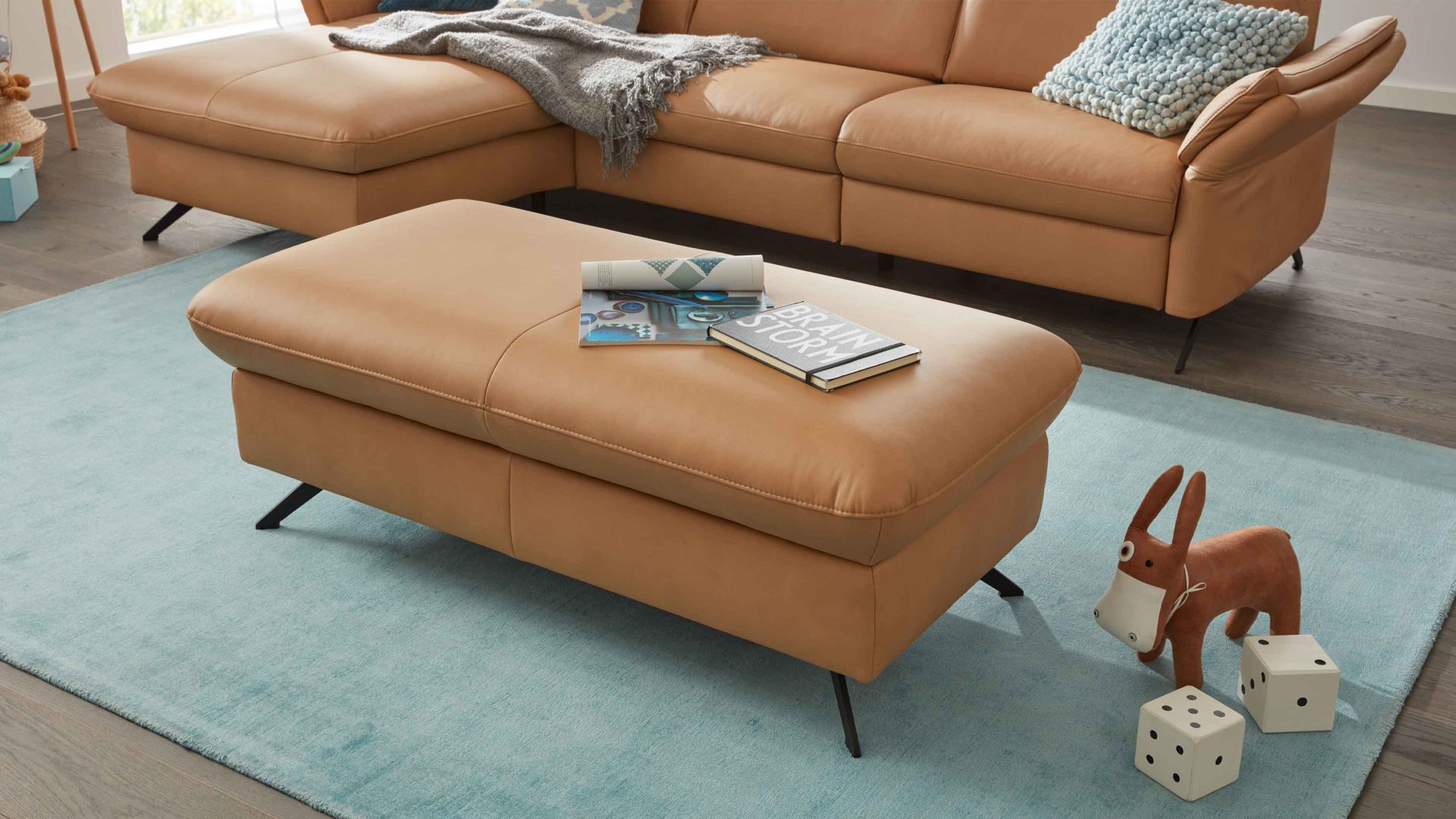 Der XXL-Hocker aus der Modulmaster-Polsterserie MM-PN1161 kombiniert honigfarben pigmentiertes Glattleder mit mattschwarzen Metallfüßen. Er strahlt moderne Eleganz aus.
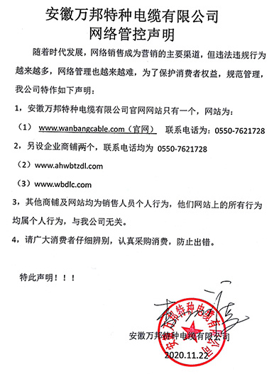 鄭重聲明:安徽萬邦特種電纜有限公司官方網站為:www_wanbangcable_com.guojiuqingyin.com.cn,除此之外無任何子網站或合作網站,其余均為假冒偽劣。電話:0550-7621728 13485756353 地 址:安徽省天長市滁州高新技術產業開發區經四路29號
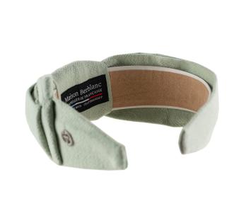 Vervaardigd in ons atelier, speelt dit hoofdjuweel met het perfecte evenwicht tussen Hoofdband en tulband. De dubbele, gedraaide knoop in linnen, subtiel asymmetrisch aan de zijkant, geeft het een unieke uitstraling: elegant zonder stijfheid.
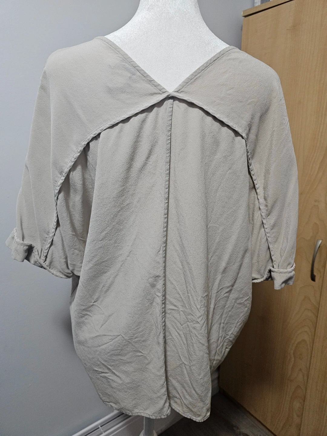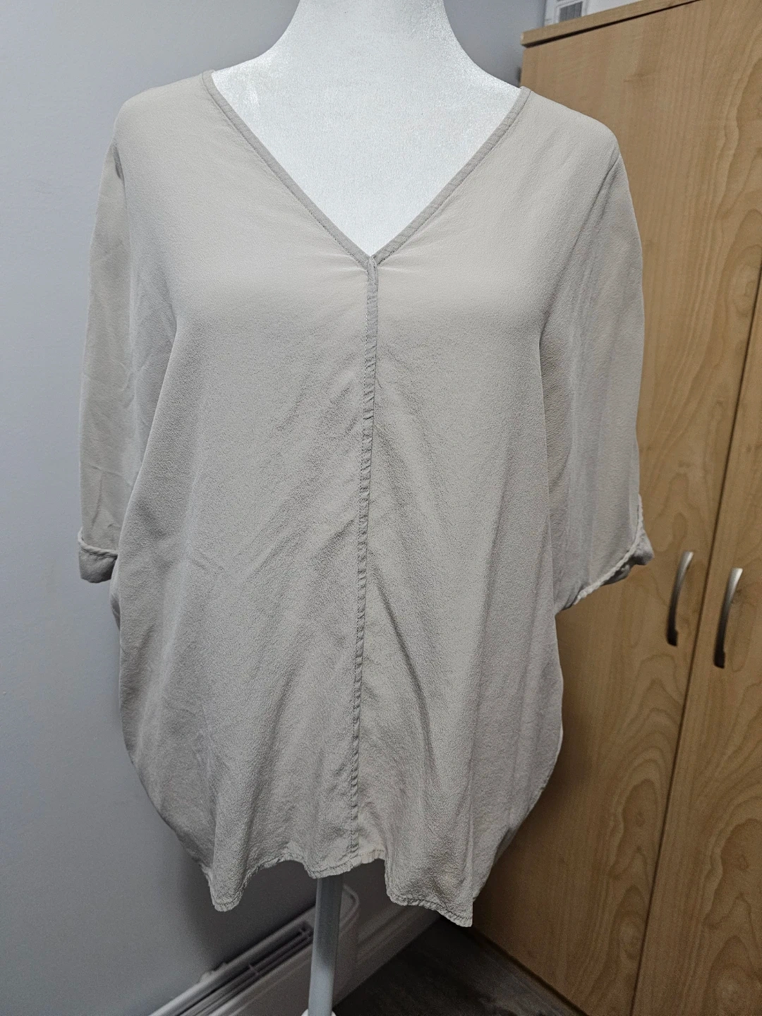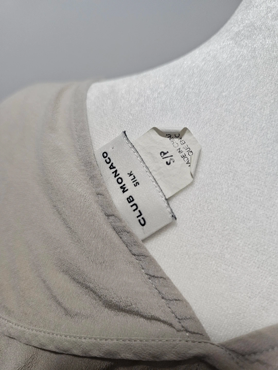 Lightweight Club Monaco top in a soft beige hue. Made from 100% silk, it features a V-neck and a relaxed fit. Size is S/P.

Task
The listing should be transcribed exactly. No picture is to appear in the transcription.

Exercise response
 Der XXL-Hocker aus der Modulmaster-Polsterserie MM-PN1161 kombiniert honigfarben pigmentiertes Glattleder mit mattschwarzen Metallfüßen. Er strahlt moderne Eleganz aus.
 鄭重聲明:安徽萬邦特種電纜有限公司官方網站為:www_wanbangcable_com.guojiuqingyin.com.cn,除此之外無任何子網站或合作網站,其余均為假冒偽劣。電話:0550-7621728 13485756353 地 址:安徽省天長市滁州高新技術產業開發區經四路29號
 Vervaardigd in ons atelier, speelt dit hoofdjuweel met het perfecte evenwicht tussen Hoofdband en tulband. De dubbele, gedraaide knoop in linnen, subtiel asymmetrisch aan de zijkant, geeft het een unieke uitstraling: elegant zonder stijfheid.
 Lightweight Club Monaco top in a soft beige hue. Made from 100% silk, it features a V-neck and a relaxed fit. Size is S/P.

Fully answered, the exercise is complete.